**Task requirements:**
Copy exactly, and copy nothing else: the line that contains "Góral układający skoszoną" and all lines after it in the listing, without pictures.

**Recorded information:**
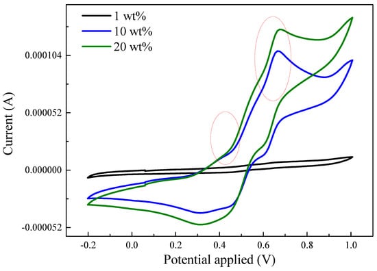 The electrochemical-responsive behavior of TA/Fe3O4 composites was investigated in HCl solution. There are no distinct redox peaks present in the cyclic voltammetry test for the composite with only 1 wt.% TA as shown in Figure 9. However, the TA composites exhibits two pairs of redox peaks as the added amount increased to 10 wt.%. The first pair of redox peaks around the 0.4 V oxidation peak was due to the transition from the leucoemeraldine state to the emeraldine state. The second pair of redox peaks with the oxidation potential around 0.65 V was attributed to the transition from the emeraldine state to the pernigraniline state. Furthermore, the redox current increased on increasing the TA added amount to 20 wt.%. These results confirm that TA could enable the composites to have electroactive properties.
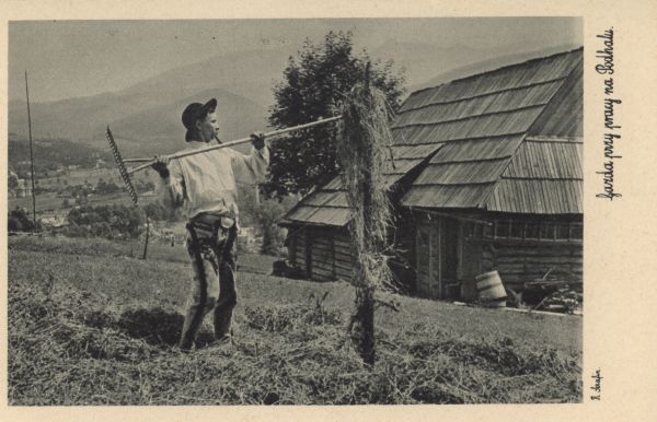 Góral układający skoszoną trawę w kopę. Na marginesie wydrukowane nazwisko fotografa i tytuł.
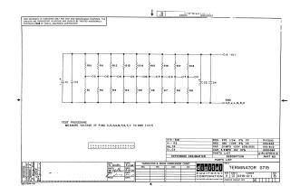 A test procedure is included, instructing measurement of the voltage at these output pins relative to ground, with an expected value of +4V, suggesting its function as a voltage divider or termination network.

**Output for this task:**
 Góral układający skoszoną trawę w kopę. Na marginesie wydrukowane nazwisko fotografa i tytuł.
 A test procedure is included, instructing measurement of the voltage at these output pins relative to ground, with an expected value of +4V, suggesting its function as a voltage divider or termination network.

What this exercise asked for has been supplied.